DOMINGA, DOMINADOR, LAURO and PABLO, all surnamed
ANTONIO, Plaintiffs-Appellees, v.
JOSE RAMOS, LEONORA RAMOS and NICOLAS
FRANCISCO, Defendants. NICOLAS FRANCISCO, Defendant-Appellant.


FACTS:
On January of 1953, Dominga Antonio et., al. filed for recovery of a
parcel of land against Jose, Leonora and Nicolas Francisco. Only
Francisco was able to answer, thus, declaring Nicolas and Leonora in
default. On the date of trial, neither Francisco not his counsel appeared
despite early notice. Hence, evidence was presented by the plaintiffs. On
August 23, 1956 a judgment has been redndered in favour of the Antonios.
Francisco filed a motion for a new trial on September of 1956, praying
that the decision dated August 23 of 1956 be set aside, alleging that their
failure to appear during the hearing of the case was due to accident,
mistake and excusable negligence which ordinary prudence could not have
guarded against(Counsel lost the envelope containing the notice to the trial
before he has the opportunity to open the same). This, however, was
denied by the court. Francisco appealed to the CA, denied. Appealed to the
SC.
ISSUE:
Whether or not the omission of counsel constitute an excusable
mistake and negligence, so as to entitle his client, the appellant herein, to
be heard.
RULING:
The allegation of counsel that he forgot to note the notice of hearing
in his calendar is flimsy.
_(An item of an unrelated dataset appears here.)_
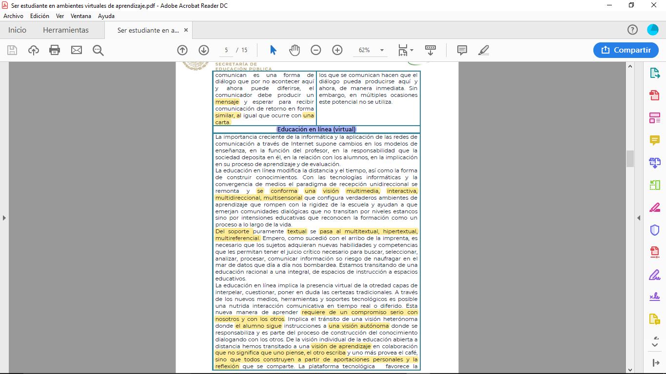 Para mi ser un estudiante en línea es prácticamente la forma de estudiar en un ambiente meramente virtual en el que se incorporan el uso de las Tecnologías de la Información y la Comunicación (TIC), se centra en un aprendizaje autónomo, en la que el alumno es el que se hace responsable de la manera en la que quiere aprender y en cómo manejar sus tiempos, que busca más información acerca de lo que no entiende y al mismo tiempo tiene al docente para que le ayude en el proceso de su aprendizaje a responder dudas y orientar al alumno, no está presencialmente pero en esta modalidad la manera en que se comunican es a través de foros o por su buzón personal (mensajes).

It does not constitute the accident, mistake or
excusable negligence, contemplated by the Rules of Court. The exercise of
ordinary prudence on his part could have guarded against or avoided such
mistake or negligence. Counsel did not exercise ordinary prudence
because he did not perform his routine job or duty of noting down the notice
of hearing in his calendar. On this point, the learned trial judge commented:
Considering the motion for new trial and the opposition thereto, the
court believes the negligence of the counsel is not excusable in view of his
admission that he received the registry notice from the court on May 24,
1956, and that it was duly registered and that its envelope shows it came
from the court which made the envelope and its contents so important that
he should have immediately opened the same and not just put it aside, that
he misplaced the same is also indicative of his recklessness (See
Gonzales vs. Amon, L-8963, Feb. 29, 1956). Furthermore counsel for the
defendant Nicolas Francisco had all the time from March 24, 1956, until the
date of the trial on Aug. 20, 1956 to inquire from the Court records or Clerk
of Court about the nature of the registered notice that was sent to him on
March 24, 1956, if he really misplaced the same. This is what a diligent
counsel should do as required by ordinary prudence. All he had to do was
examine the records of this case. This Court noted that since it reconvened
June 18, 1956, counsel for the defendant Nicolas Francisco has been
appearing in Court almost every week if not everyday. He had therefore,
ample opportunity to verify the nature of the said registered notice of
hearing which he allegedly misplaced upon his receipt thereof on March 24,
1956.
Little need be added to these observations of the trial court, except to
state that lawyers should always be vigilant and alert, in order to properly
safeguard the rights and interests of their clients. Upon the lawyers
specially devolve the duty to evaluate the urgency and importance of
registered letters coming from the courts where they daily ply their trade.